Information supplied:
##########
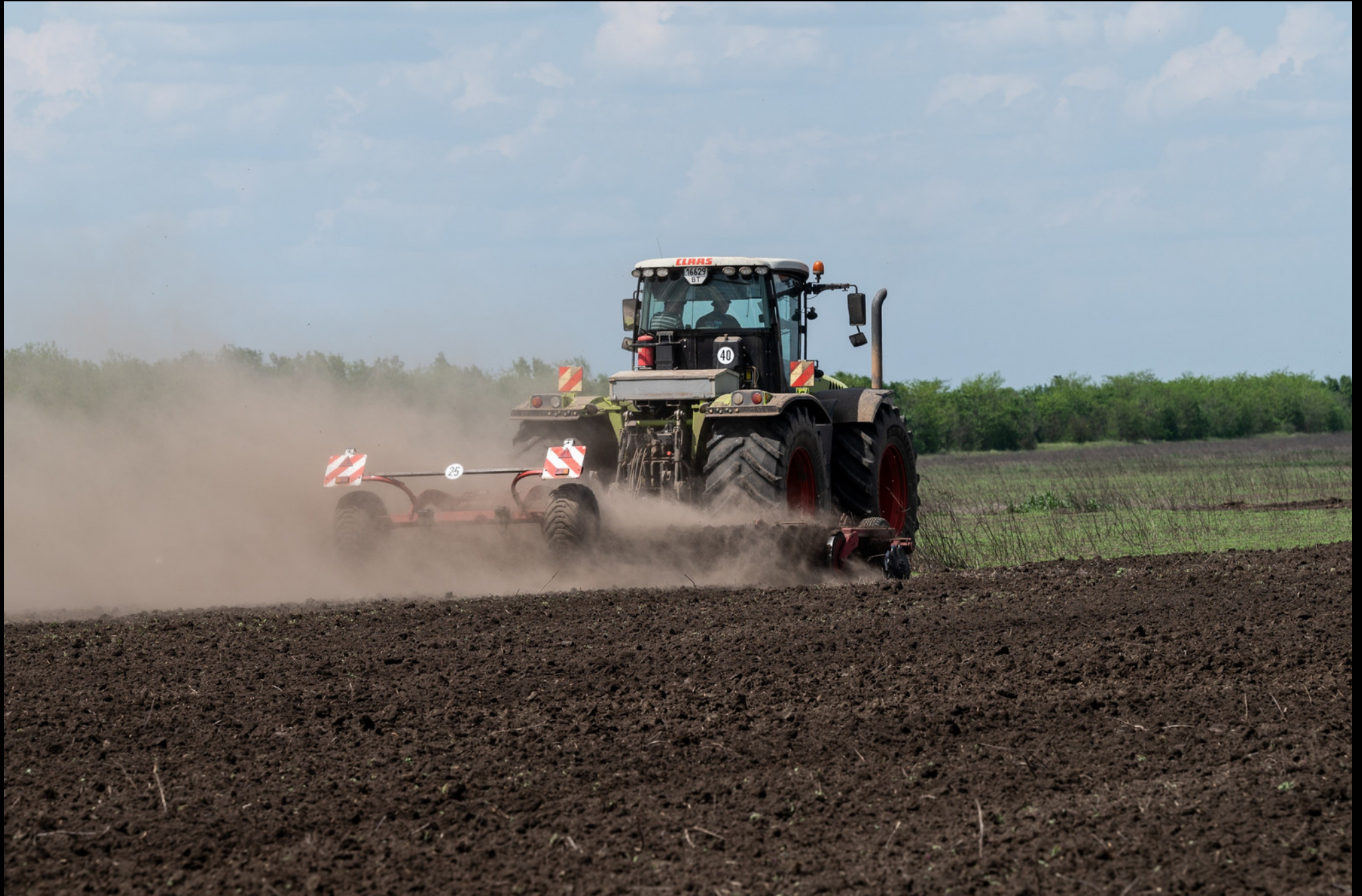
Velyka Oleksandrivka - Some fields were demined after Ukrainian forces liberated the farm and through loans of new equipment by NGO's the farmer was able to start planting again. Other fields of the farm had not been demined and can not be used safely until they are.
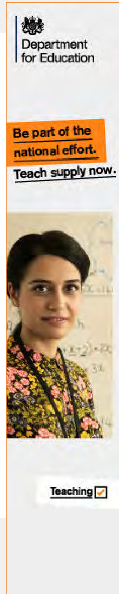
Skyscraper 120x600 px
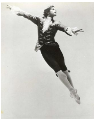
Monthly Guest Artist Series
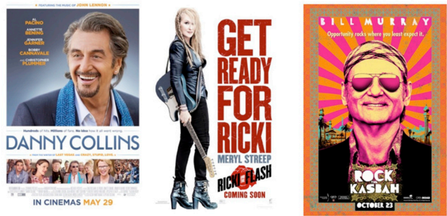
'Danny Collins' 'Ricki and the Flash' 'Rock the Kasbah'

A three-for-one category that exposed a deadly trend in genre filmmaking – old movie stars portraying aging rock ‘n roll characters. “Danny Collins” featured Al Pacino as his “hoo-ha” finest as a rocker trying for redemption in the most awkward and unrealistic way. “Ricki and the Flash” had a horrible script (by “Juno” scribe Diablo Cody), and threw away a stellar cast headed by Meryl Streep as rocker Ricki. And finally, Bill Murray in one of the most misguided and Ugly American old-rocker-themed films, “Rock the Kasbah.” What they all have in common is idiotic stories, while the potential for exploring the 1960s generation in older contemplation is wasted. It can be all summed up by three words – “Al Pacino sings.” (PM)
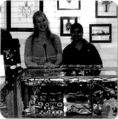
Sheldon Jackson Museum
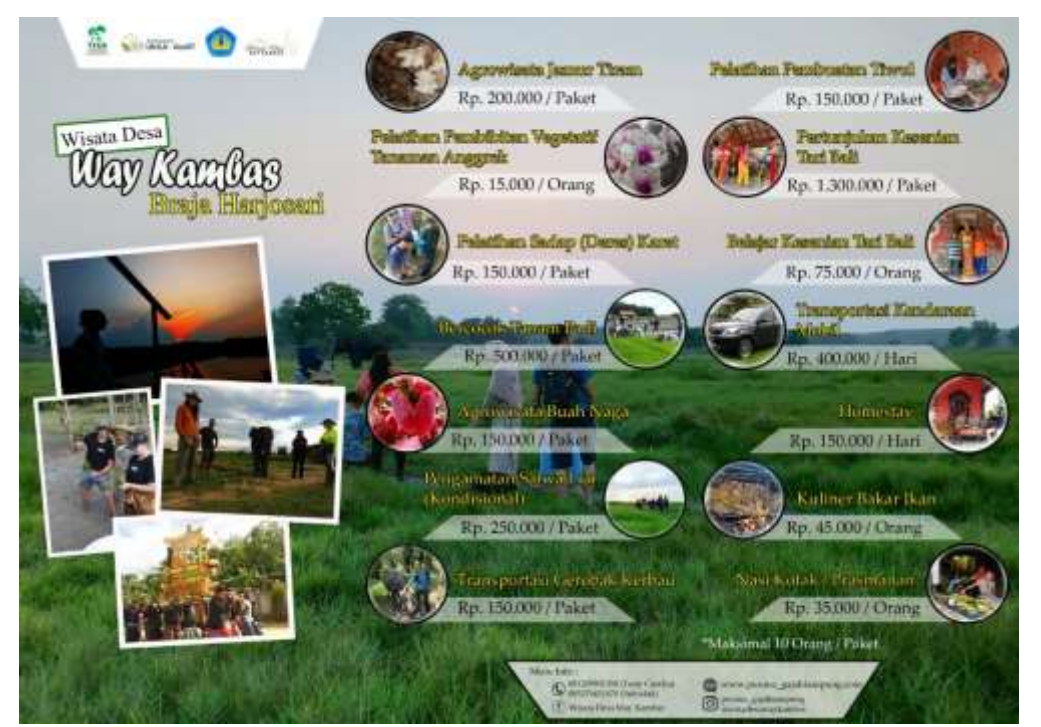
Figure 1. BrajaHarjosari Ecotourism Village tour package

How is the development of an ecotourism village in BrajaHarjosari village which is a buffer zone for TNWK the industrial revolution 4.0 era? from the results of observations and interviews as well as documentation searches, the eco-tourism village manager there has used technology to build an eco-tourism market through digital tourism marketing. PokdarwisDesaBrajaHarjosari promotes and markets tour packages or eco-tourism attractions using digital media, including websites and social media (Instagram, Facebook, Whatapps, and others), online advertising, marketing via electronic mail, online discussions, and smartphone applications. Here is the BrajaHarjosari Way village tour package, which is displayed on their website:
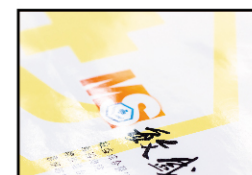
Gloss Lamination 亮膜
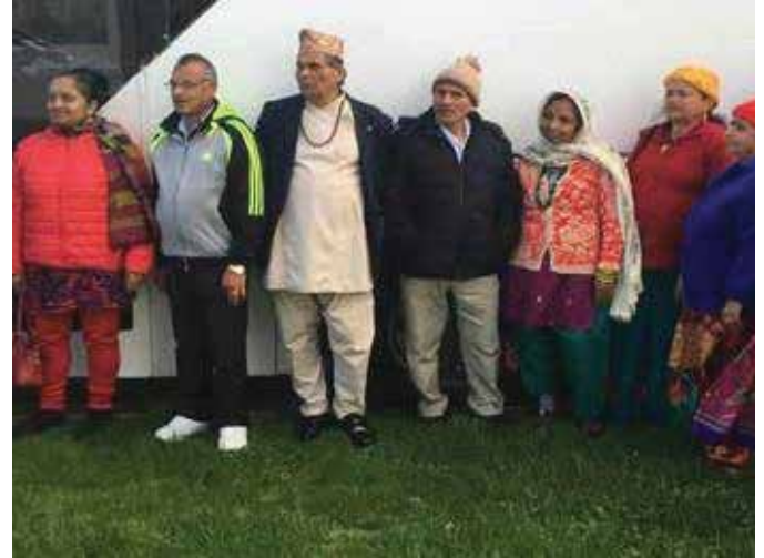
Sri Guru Singh Sabha, Craigieburn
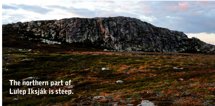
The northern part of Lulep Iksjåk is steep.

The area around the top is full of exciting formations. The inland ice melted, carved through and polished the mountain chain with enormous power. There is a steep side to Lulep Iksjåk that is constantly changing. It's known as frost blasting, common in cold regions and high mountain ranges. Water penetrates cracks that expand as it freezes into ice. When water freezes, it becomes nine percent 'bigger'. If you were to take a picture of the mountain top now, and another one in fifty years' time, you would probably see the change.
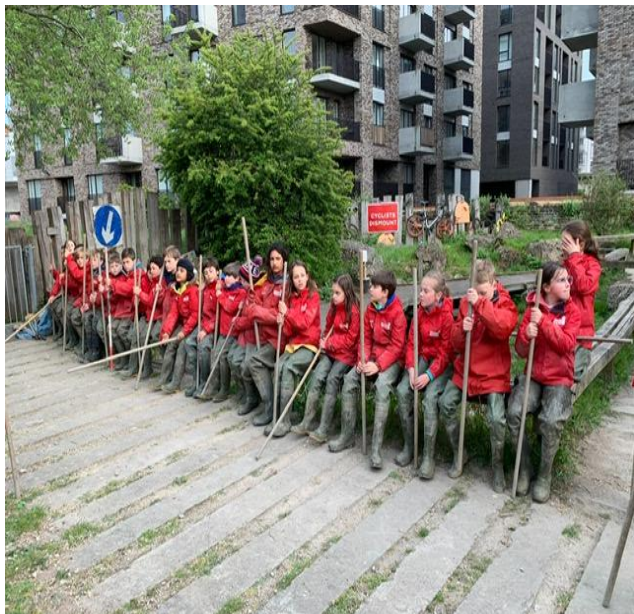
Some examples of our Cub's activities over the last year
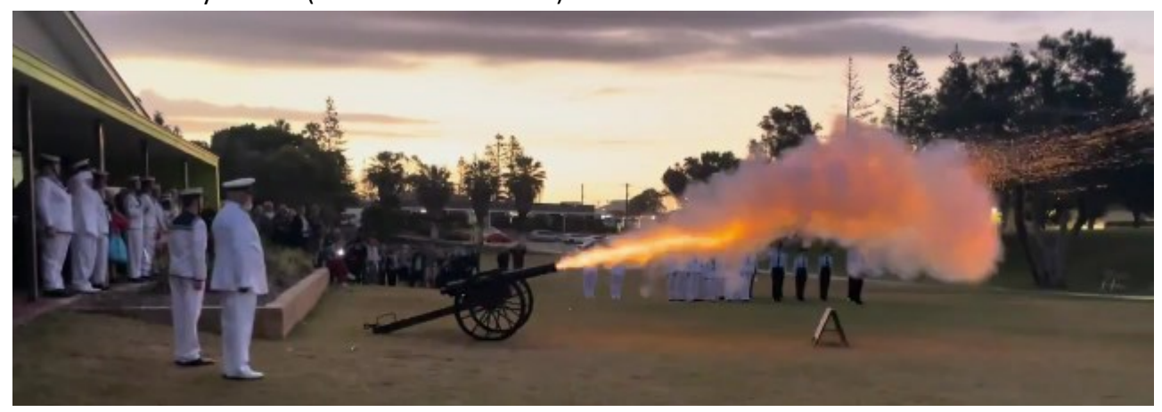
Sunset - Credit: Kelly Monro (Westcoast Fireworks).
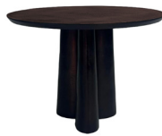
FLUXA coffee table DIA 49 x H 35 cm 41647-BRZ-10
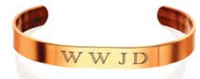
.....$12.50 W.W.J.D. What Would Jesus Do? 1300 GAUSS MAGNETS

3/8" wide - WHAT WOULD JESUS DO? Comes packaged with a keepsake card listing the 10 commandments with a picture of Jesus. This copper bracelet is 99% pure copper, no lead, non-binding, non-restrictive and will mold to any wrist shape. Clear coat to maintain shine will wear off after a few days.
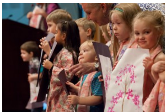
Children from Clark’s Child & Family Studies program show off their sakura-themed artwork during the 2015 Sakura Festival.
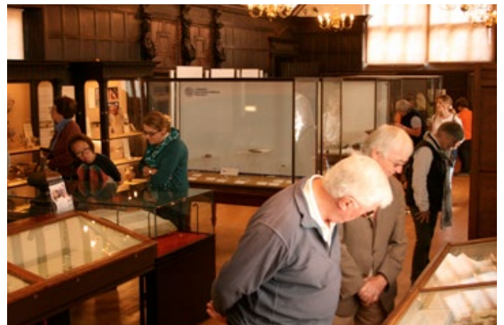
In the Anglo-Saxon section of Maidstone Museum, to see a temporary display of the recent small finds from Lyminge.
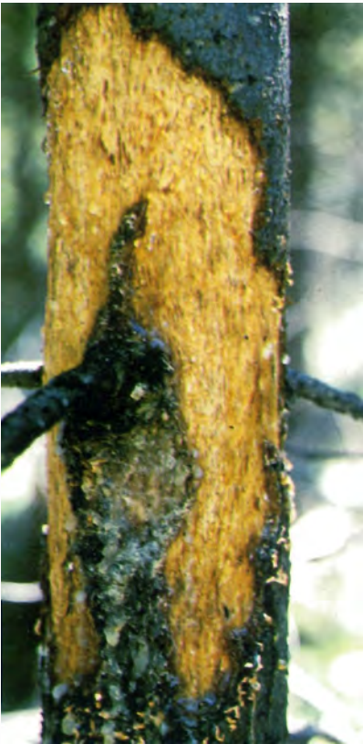
Figure 7 —Signs of rodent-feeding on a lodgepole pine infected with a comandra rust canker.

• Prune infected branches. This technique is useful in preventing stem infections on high-value trees. Any branch canker within 9 inches (22 cm) of the stem should be pruned.
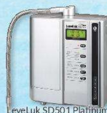
LeveLuk SD501 Platinum

Opens Minami No Hatake restaurant & Enagic Natural Hot Spring Aroma.
##########
Instructions to follow:
Filter the listing above by the word "Museum"; copy each line that passes.

Response for this exercise:
Sheldon Jackson Museum
In the Anglo-Saxon section of Maidstone Museum, to see a temporary display of the recent small finds from Lyminge.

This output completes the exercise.